Results of Operations
As of December 31, 2015, La Jolla had $126.5 million in cash and cash equivalents, compared to $48.6 million as of December 31, 2014. The increase in cash and cash equivalents was primarily due to cash provided by our common stock offering that was completed in September 2015, which was partially offset by net cash used for operating activities. Based on current operating plans and projections, La Jolla believes that its current cash and cash equivalents are sufficient to fund operations into 2018.
La Jolla’s net cash used for operating activities for the three and twelve months ended December 31, 2015 was $8.5 million and $25.2 million, respectively, compared to net cash used for operating activities of $5.4 million and $12.9 million, respectively, for the same periods in 2014. La Jolla’s net loss for the three and twelve months ended December 31, 2015 was $11.8 million and $41.9 million, or $0.69 per share and $2.68 per share, respectively, compared to a net loss of $6.8 million and $21.3 million, or $0.45 per share and $2.00 per share, respectively, for the same periods in 2014. During the three and twelve months ended December 31, 2015, La Jolla recognized contract revenue of approximately $0.4 million and $1.1 million, respectively, which was pursuant to a services agreement initiated in 2015 under which La Jolla provides research and development services to a related party. The net loss includes non-cash, share-based compensation expense of $2.8 million and $13.1 million for the three and twelve months ended December 31, 2015, respectively, compared to $2.5 million and $9.1 million of noncash, share-based compensation expense, respectively, for the same periods in 2014.

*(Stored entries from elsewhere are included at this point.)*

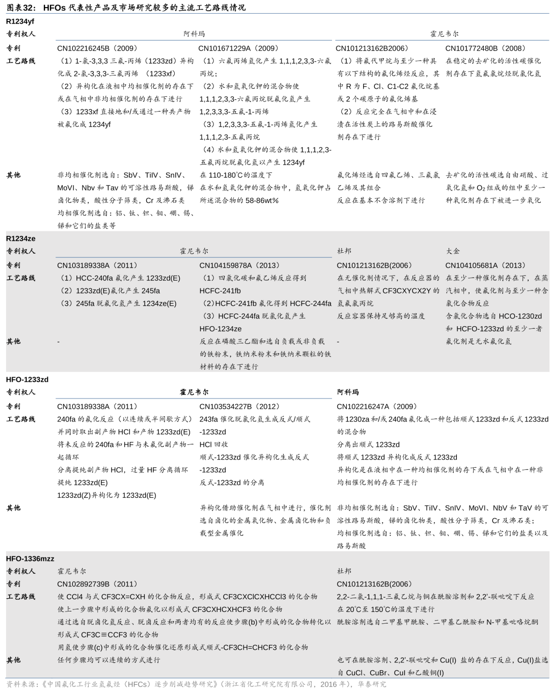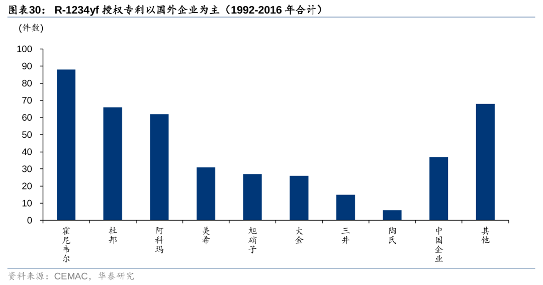 由于海外巨头企业在HFOs领域布局早于国内,目前全球主流开发和推广的HFOs产品(如R1234yf、R1234ze、R1233zd等)专利仍由海外企业为主,据CEMAC,以R1234yf为例,1992-2016年期间全球R1234yf专利集中在霍尼韦尔、杜邦和阿科玛等企业,中国企业占比仅约9%,而海外巨头企业对生产和应用专利的保护期限制,也成为行业企业布局HFOs难以避开的环节。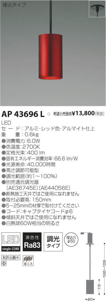 ¥³¥¤¥º¥ß¾ÈÌÀ KOIZUMI LED ¥Ú¥ó¥À¥ó¥È AP43696L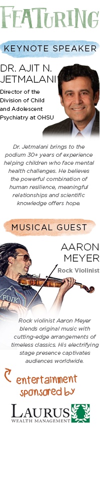 Enjoy a catered dinner buffet by Kitchen Goddess and a keynote address by OHSU's esteemed Director of the Division of Child & Adolescent Psychiatry, Dr. Ajit Jetmalani. Entertainment provided by rock violinist Aaron Meyer.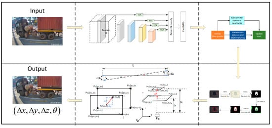 The proposed visual measurement algorithm includes three parts: the tracking network, based on detection, the target secondary positioning network and the three-dimensional measurement algorithm. The detection-based tracking network is divided into two parts: target detection and target tracking. The target detection network uses a convolutional network structure and introduces an attention mechanism to improve the ability to extract keyhole features. The tracking part uses the simplified Deep SORT [] (Deep Simple Online and Realtime Tracking) to predict the trajectory of the keyhole target in subsequent frames and calculates the Mahalanobis distance and GIOU (Generalized Intersection over Union) distance of the detection frame and the tracking frame for data association to obtain the keyhole tracking trajectory. The target secondary positioning network uses the traditional image detection algorithm to perform secondary positioning of the container keyhole on the basis of target detection and tracking, and obtains the accurate position of the container keyhole. The three-dimensional measurement algorithm uses the camera imaging principle to measure the three-dimensional attitude of the container keyhole to estimate the container attitude, so as to realize the three-dimensional measurement of the container loading and unloading process. The overall flowchart of the algorithm is shown in Figure 3.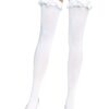 Opaque Thigh Highs With Satin Ruffle Trim And Bow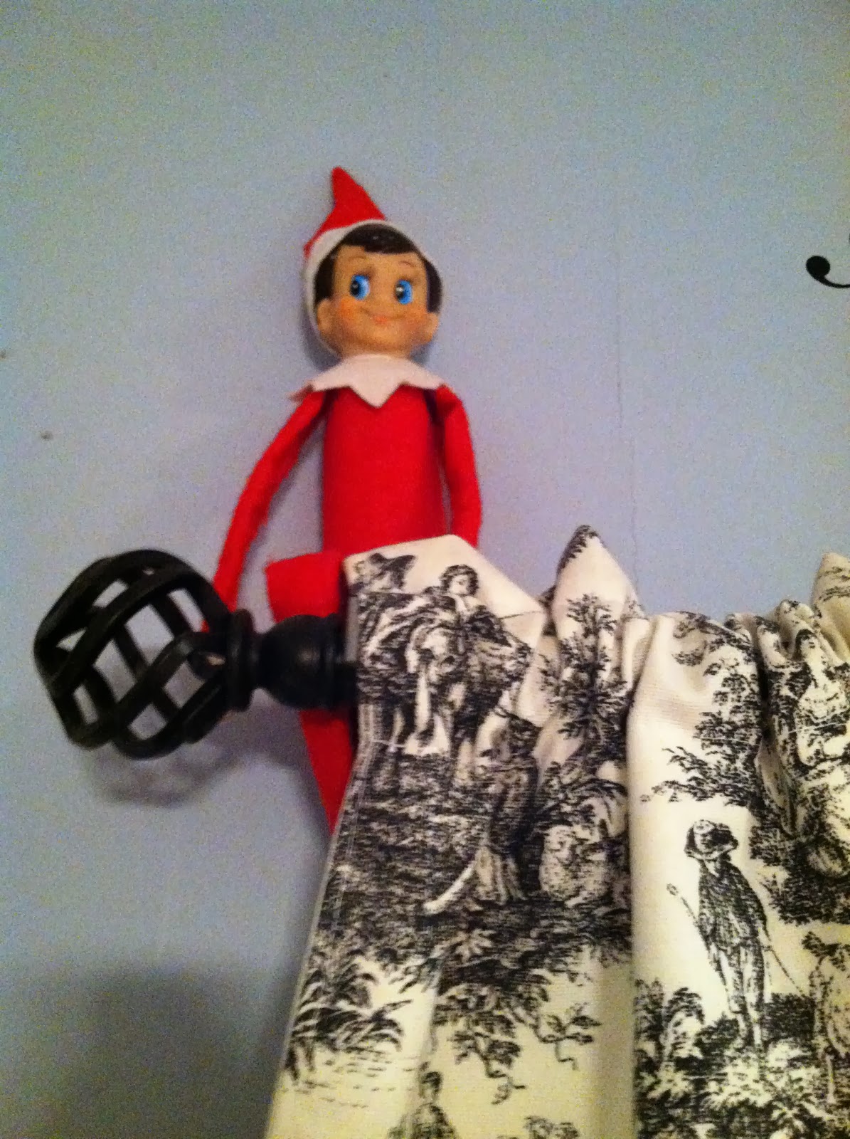 On Saturday morning, John found a little note from Buddy along with a movie and some window clings. He had a hard time finding Buddy, but Gillian spotted him right away. “Him’s up there!” And there he was on top of the curtains in the kitchen.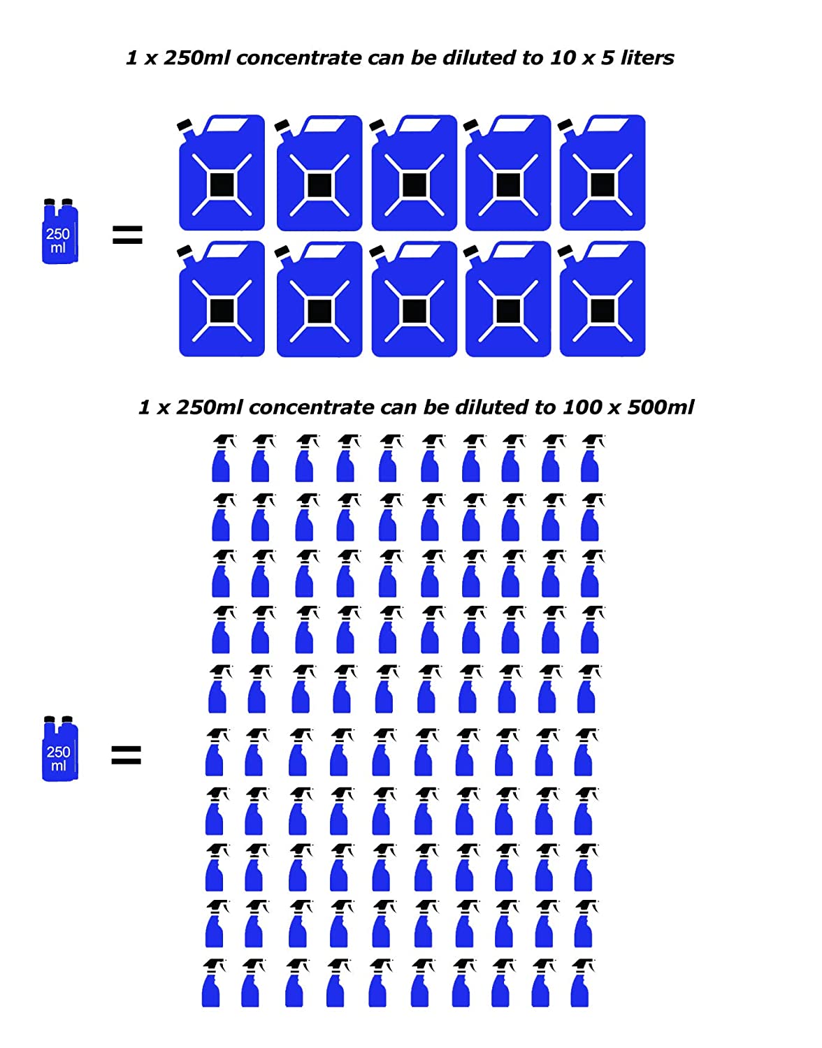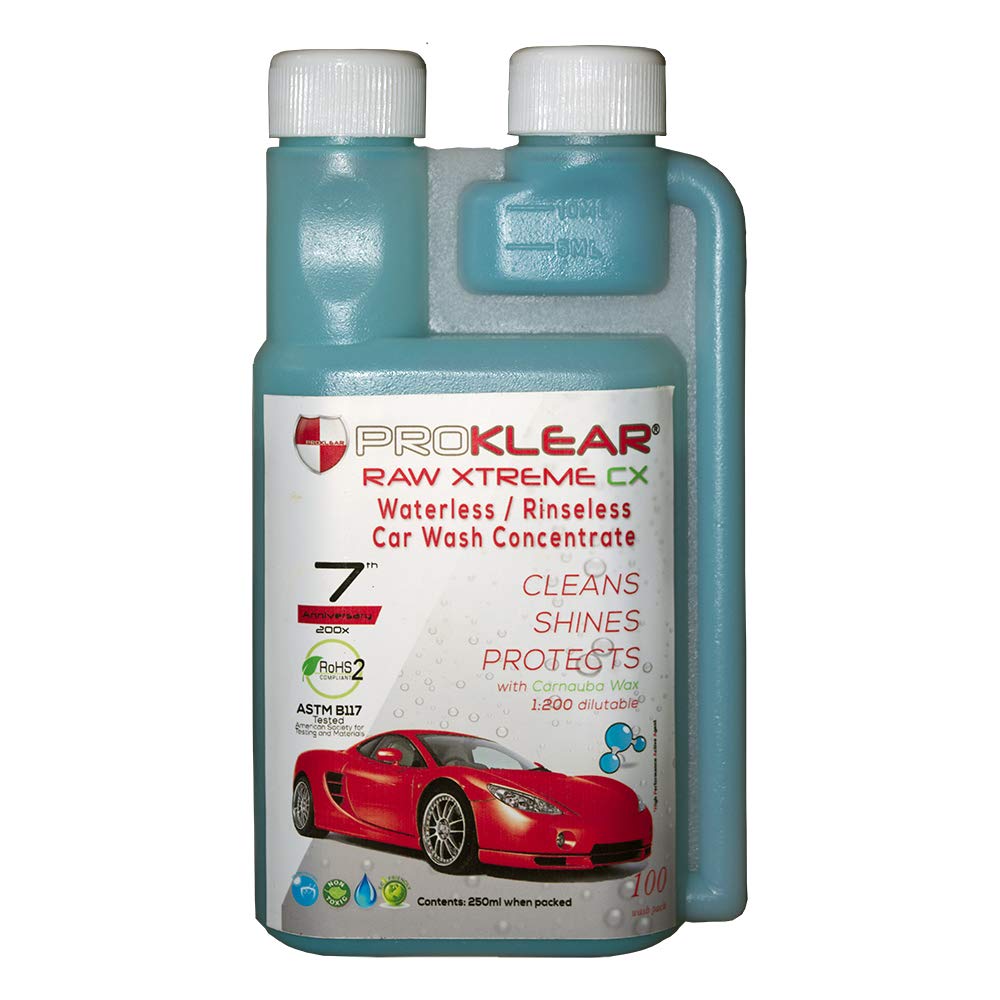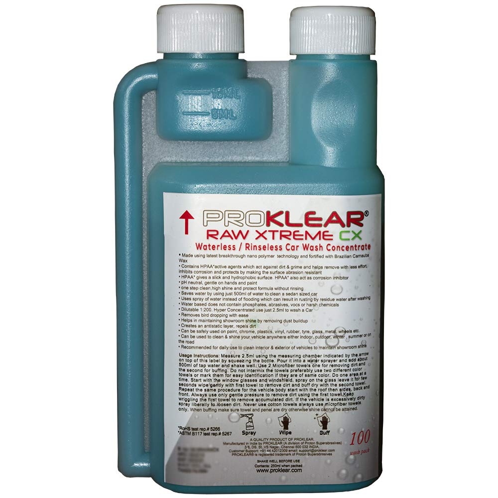 ProKlear Rinseless waterless wash concentrate with carnauba wax proklear RAW xtreme CX is a rinseless waterless wash concentrate. A sedan sized car can be cleaned and waxed with just 5ml of the concentrate and 500ml water. Active agents which lift dirt and grime from pores of the surface, encapsulates them and provides lubrication so that the dislodged dirt cannot redeposit or cause damage while cleaning. The product can be used to clean exterior and interior paint, plastics, glass, vinyl, tyres, wheels, etc except fabric. This is the best product that will easily last you 6-12 months based upon your usage and saves a lot of water.
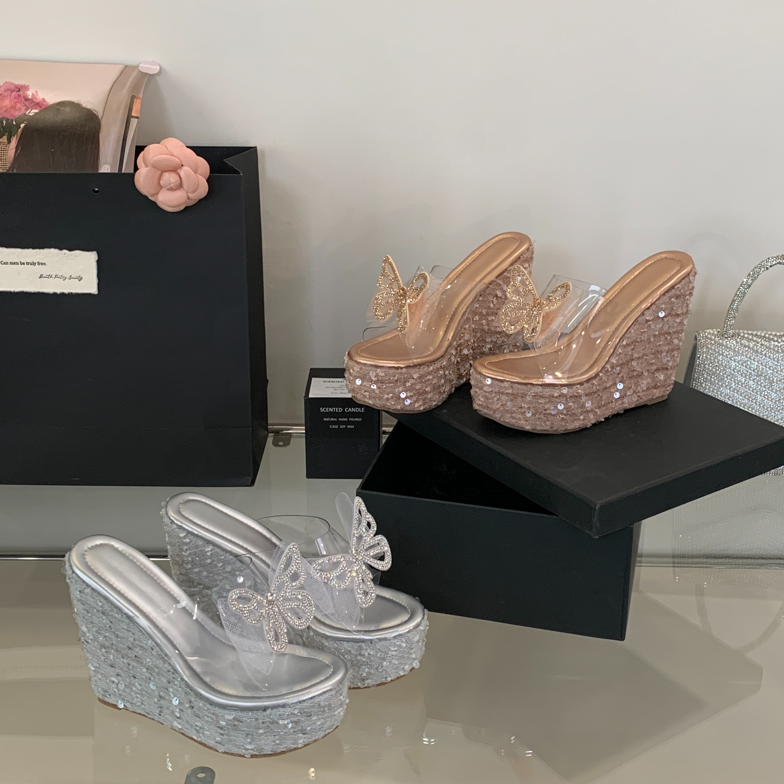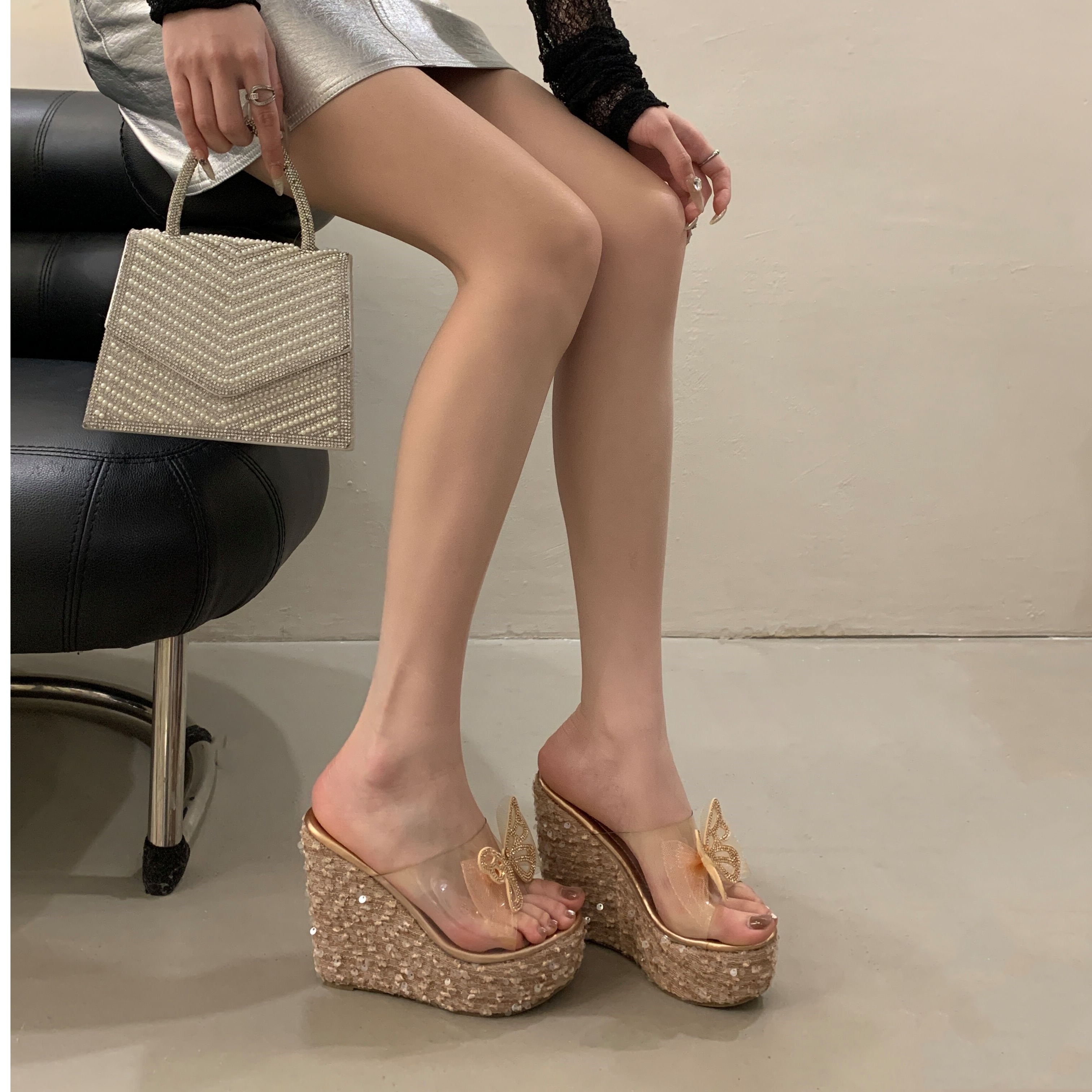 仙女度假风高跟鞋2025年夏季新款亮片蝴蝶结花朵坡跟厚底女凉拖鞋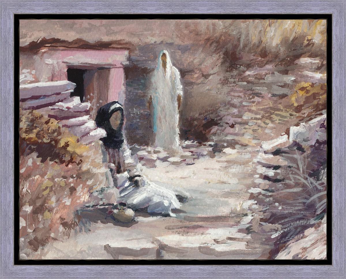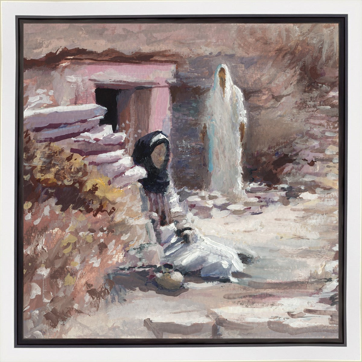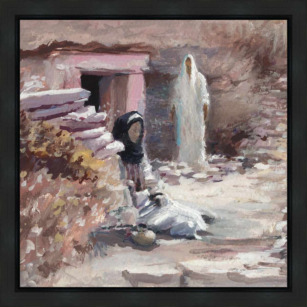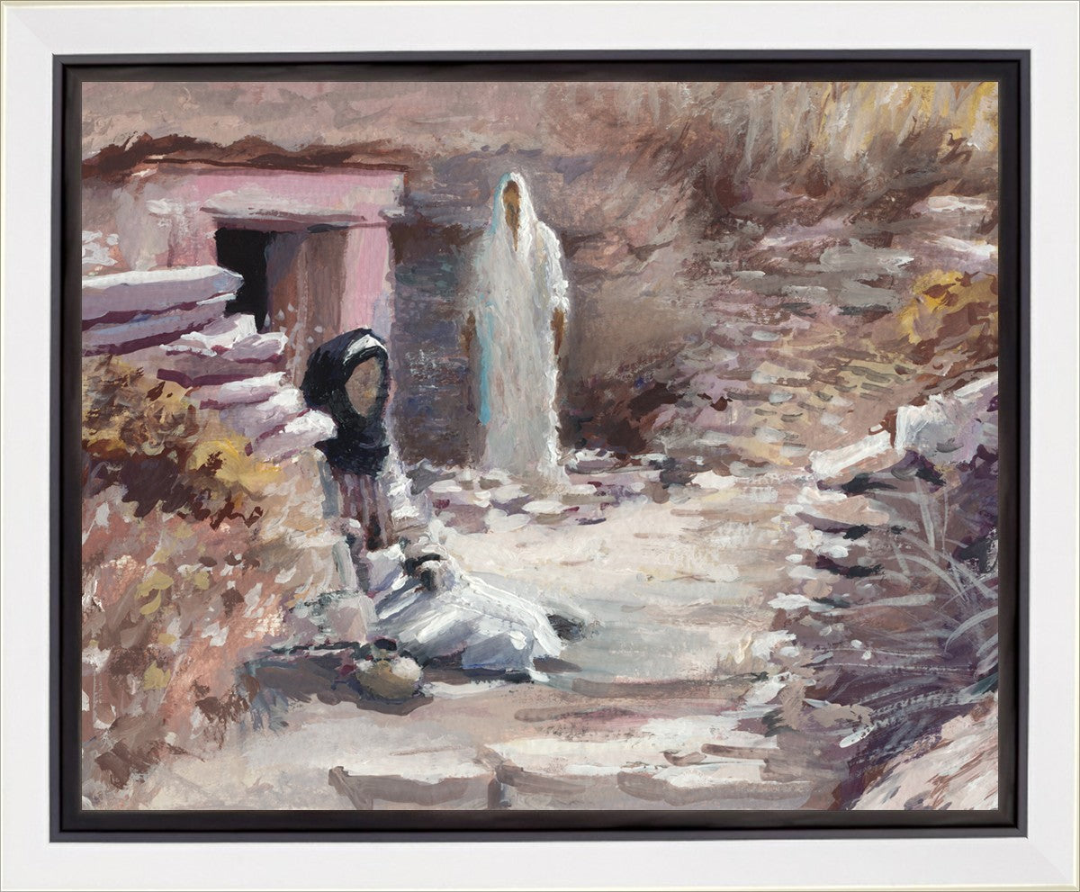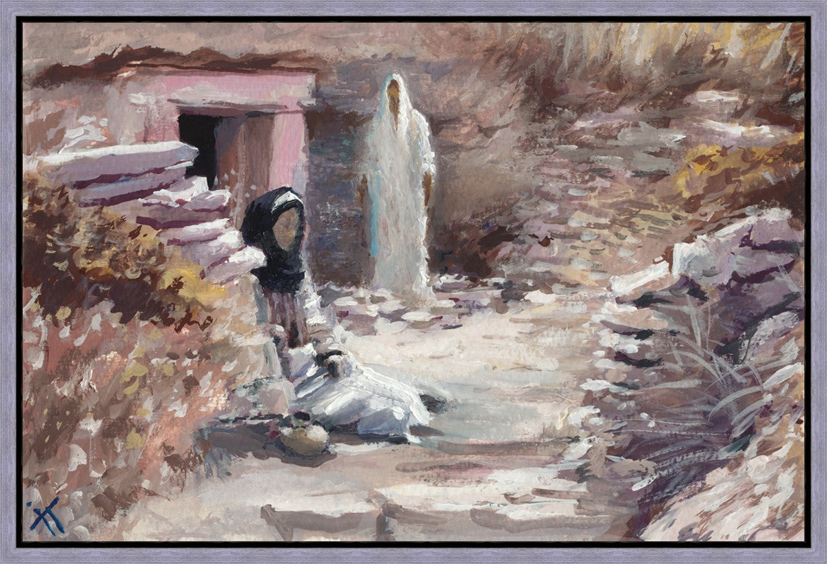 This painting was a consolation gift to a sister in our Stake whose husband died. Sooner or later each of us will experience death of loved ones and will ask oneself the question "Will I still see you again?" The image of the resurrected Christ appearing to Mary is an attempt to give hope and comfort in the midst of grief and loss. This painting depicts the touching moment between grief and hopelessness and everlasting joy. It serves as a reminder that even in the darkest moments of life, there is hope and light, and that our loved ones who have passed away are not truly gone, but live on in the heavenly spheres.

The increases in net cash used for operating activities and net loss in 2015 as compared to 2014 were primarily due to increased development costs associated with the Phase 3 clinical trial of LJPC-501 in catecholamine-resistant hypotension and the costs associated with the initiation of the Phase 1 clinical trial of LJPC-401 in iron overload. In addition, there were increases in personnel and related costs, which were mainly due to the hiring of additional personnel and increased facility costs to support the increased development activities.